Narrator: What we're
going to do in this video is dig a little bit
deeper into labor markets. It's really not going to be
any fundamentally new concepts. We're really just going
to reapply concepts that we've already seen before and maybe use slightly different words, but the reason why labor is interesting is labor is one of the
factors of production. It's one of the inputs you need for firms to produce whatever they do produce. Unlike in most markets, if we're talking about
the computer markets, let me write over here. In the computer market, the demand is coming from individuals. It's coming from, I'll just
call it, individual people while the supply is coming from firms, is coming from firms. In the labor market it's
the other way around. In the labor market the demand is coming from firms, these are the
people who need labor, who are hiring the labor,
so this is coming from firms and the supply is coming
from individual people. So, it's coming from individual people. What's interesting about that is because the demand is coming from firms, in the past, when the supply
was coming from firms, we could look at a firms cost structure and we could come up with
a supply curve from that. Now that the demand is coming from firms, we can look at a firms, essentially
their revenue structure, how much incremental revenue do they get per extra employee and we could actually generate a demand curve,
their marginal benefit curve, by looking at their business
a little bit closer. That's essentially what we're
going to be doing in this video. These aren't any fundamentally new ideas, we just applying them in
a slightly different way and we'll use slightly different words. Now, let's assume, for
the sake of this video that I run a car wash, a car wash.
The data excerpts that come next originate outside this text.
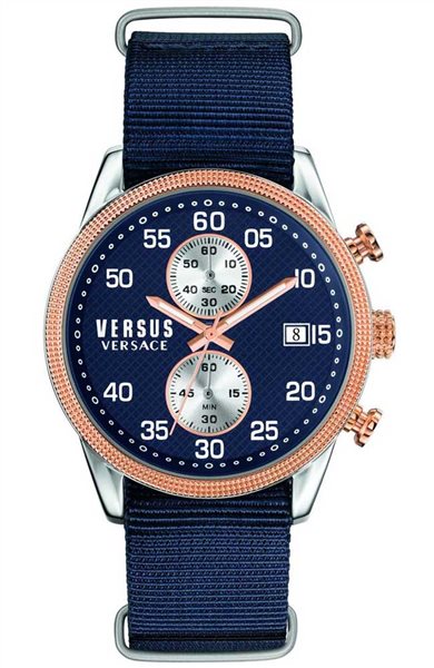 Ανδρικό ρολόι Versus by Versace από ανοξείδωτο ατσάλι με μπλε καντράν και μπλε υφασμάτινο λουράκι.
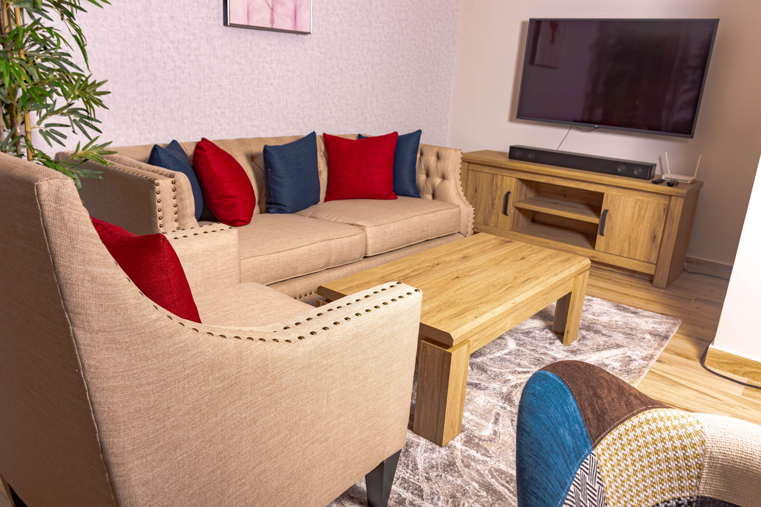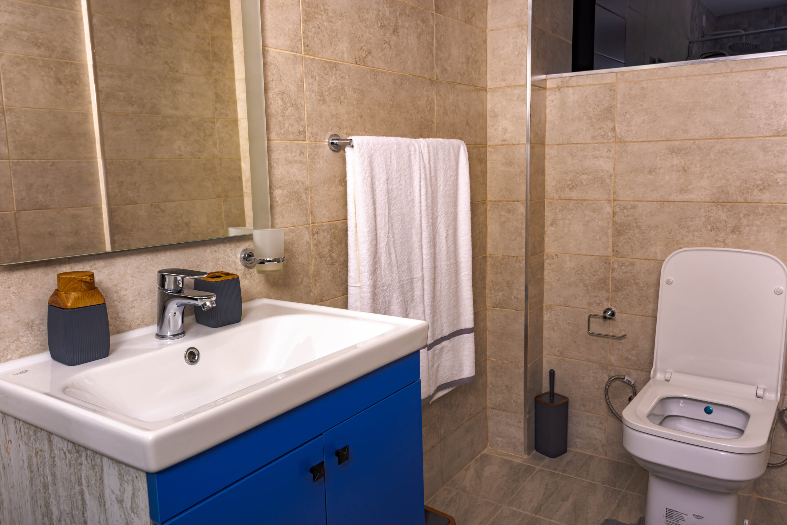 The bathroom in the apartment is well-appointed, with modern fixtures, tiles, and is easily accessible from the common areas. The entire apartment is elegantly decorated with a mix of modern and cozy furnishings. The walls are adorned with art and decorations that add personality and warmth to the space. Throughout the apartment, the lighting is adjustable to create the desired mood, whether you’re looking for a cozy atmosphere in the evening or a well-lit space during the day.
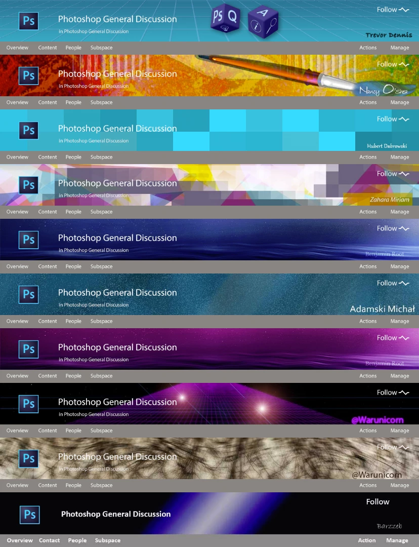 Using the template in this post, submit your Photoshop Forums Banner design by attaching your image in a response to this thread. We’ll then select the best submissions and use them for our Photoshop Forums banner image. A new banner image will be selected by an internal Adobe committee every 3 months and used in the Photoshop forums.
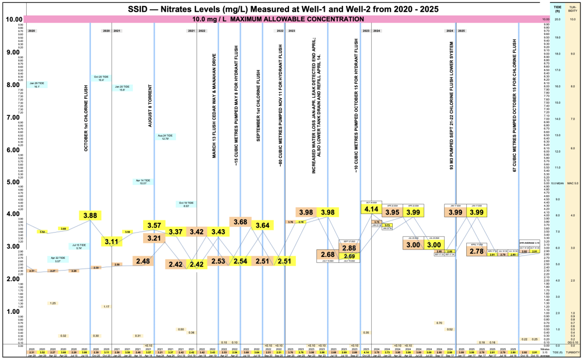 Images and files on this page demonstrate nitrates levels in Savary Shores since 1989. The October 2025 nitrates levels of 2.91mg/100mL at well-1 and 2.92mg/100mL at well-2 are safely within Canadian Drinking Water Guidelines. Water from both wells combine in the water tanks, so the amount of nitrates consumed at the tap will be an approximate average of the two wells.
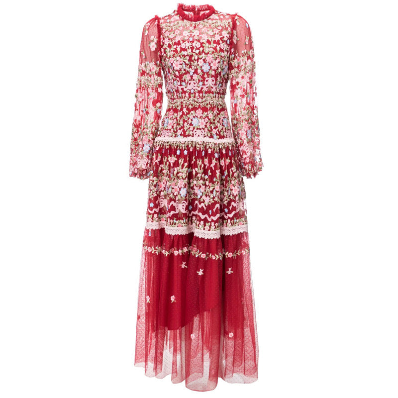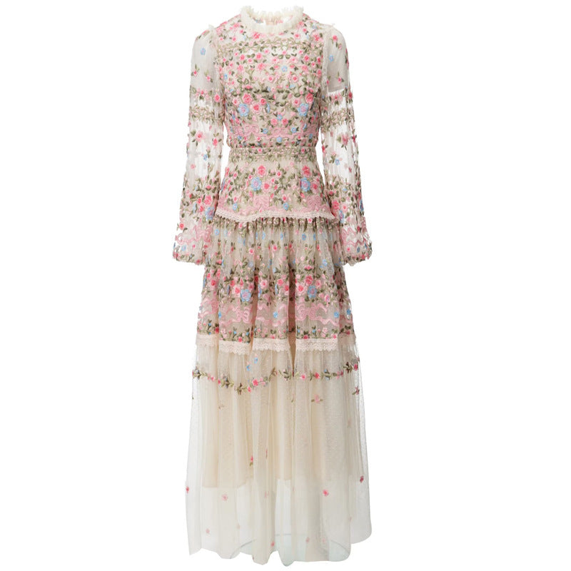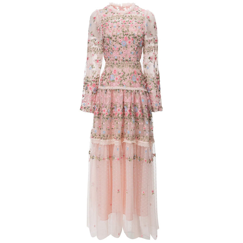 runhufu Industry Embroidery Lantern Sleeve Princess Powder Long Dress Dresses Autumn And Winter Women's New 2024
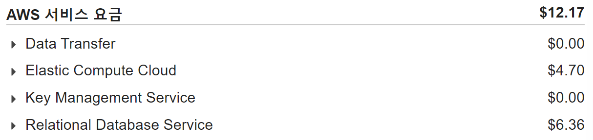 Relational Database Service는 DB 부분에서 비용이 청구된 것 같은데 캘리포니아를 기준으로 한 사이트에서 비용이 많이 청구되어서 서버를 내려도 Rds에 남아있어서 그런 것 같다.
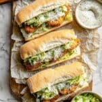 Chicken Caesar Sandwiches bring the classic flavors of Caesar salad into a handheld treat. Crispy breaded chicken cutlets pair perfectly with creamy Caesar dressing and fresh romaine on toasted hoagie rolls. This easy recipe is perfect for a satisfying lunch or quick dinner.

It is a competitive car wash. It is a competitive car wash. I have to be a price taker. I do not have a monopoly, or an oligopoly. I'm not even a monopolistic competitor. There are many car washes in this city. We are undifferentiated. We are
all offering the same service. So, I'm going to be a price taker. Let's say the equilibrium
price in this market for competitive car
washes is $5 per car wash, $5 per car wash. Just as a little bit of
review, that also means, remember, this is a competitive firm, not a monopoly, that my marginal revenue is equal
to a constant $5 per car wash. If I do 1 car wash I'll
get $5, 2 car washes, $10 3 car washes, $15. In a monopoly, the marginal
revenue would change. Let's think about how
much benefit I would get from each incremental employee. First, I'll do a ...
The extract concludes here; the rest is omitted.